The RPRC system was created by Congress in 1960 to address the critical need for special facilities in which scientists could conduct multidisciplinary behavioral and biomedical research with non-human primates. That year, Yerkes was designated as an RPRC, four years after its purchase by Emory from Yale University. The designation translated into federal funding that covered the cost of operating Yerkes.

This federal support continues today in the form of an NIH base grant awarded at five-year intervals via a competitive renewal process. The base grant now represents a fraction of Yerkes' total $36 million grant portfolio, which has tripled in size since 1998. Within the University, the Yerkes Center's research funding ranks second behind the School of Medicine.

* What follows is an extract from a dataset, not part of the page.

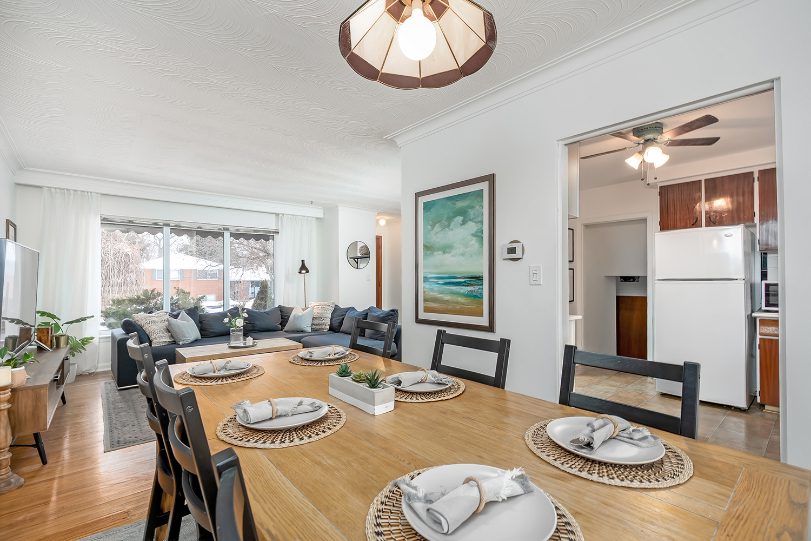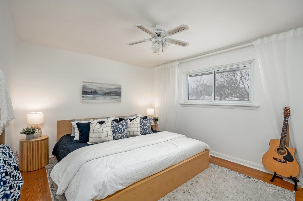 The home features 3+1 bedrooms and 2 full bathrooms, with hardwood floors, generously sized bedrooms with double closets, a bright and welcoming living room, separate dining area, and a versatile main-floor family room with additional office/den space – perfect for working from home or creating a dedicated playroom or hobby area.

In return for the federal dollars they receive, the NPRCs bear the dual mandate of providing optimal research environments for their own scientific faculty and serving as resources for collaborative investigators from other institutions. To that end, Yerkes has some 85 affiliate and collaborative faculty from the School of Medicine and the University as well as outside Emory, and the Center provides research services to scientists representing 65 research institutions throughout the U.S. and the world.

Founded in 1929 by Yale psychobiologist Robert M. Yerkes, the Center once housed more than two dozen different species of non-human primates, including all five species of great apes: gorillas, orangutans, gibbons, bonobos, and chimpanzees. As the need for non-human primate models in biomedical research grew, Yerkes narrowed the diversity of its colony to focus its resources on breeding and housing larger numbers of the animals most commonly used in research, such as rhesus macaques.

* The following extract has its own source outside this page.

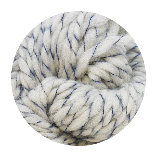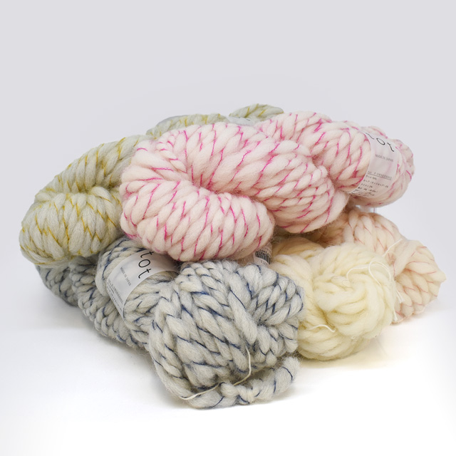 ほとんど撚りをかけていないウールそのままの糸に、光沢のある繊細なカラーキッドモヘヤを巻きつけたモダンな極太糸です。

Today, Yerkes houses roughly 3,000 non-human primates representing eight species. Of the apes, only the chimpanzees remain, the other great apes having been donated to zoological parks. About 1,900 non-human primates live at the 117-acre Field Station in Lawrenceville, Ga., while another 1,100 primates and 2,500 rodents are housed at the Main Station on the main Emory campus.

With these animals, Yerkes scientists are developing vaccines for AIDS, malaria, and other infectious diseases, and treatments for cocaine addiction, Parkinson's disease, and cardiovascular disease. Other research programs focus on age-related cognitive decline, childhood visual defects, organ transplant rejection, and the social behaviors of primates.

The Center has four scientific divisions: Microbiology and Immunology, Neuroscience, Psychobiology, and Visual Science. In addition, Yerkes is home to the Emory Vaccine Research Center and the Living Links Center, as well as parts of the Center for Behavioral Neuroscience and the Center for AIDS Research at Emory. Yerkes' scientific faculty totals about 180 researchers, including 24 core faculty scientists plus affiliate and collaborative faculty and research associates. About 100 graduate and undergraduate students also participate in research and education programs at the Center.

The other seven NPRCs are located in: Beaverton, Ore.; Davis, Calif.; Madison, Wis.; Covington, Lou.; San Antonio, Tex.; Seattle, Wash.; and Southborough, Mass.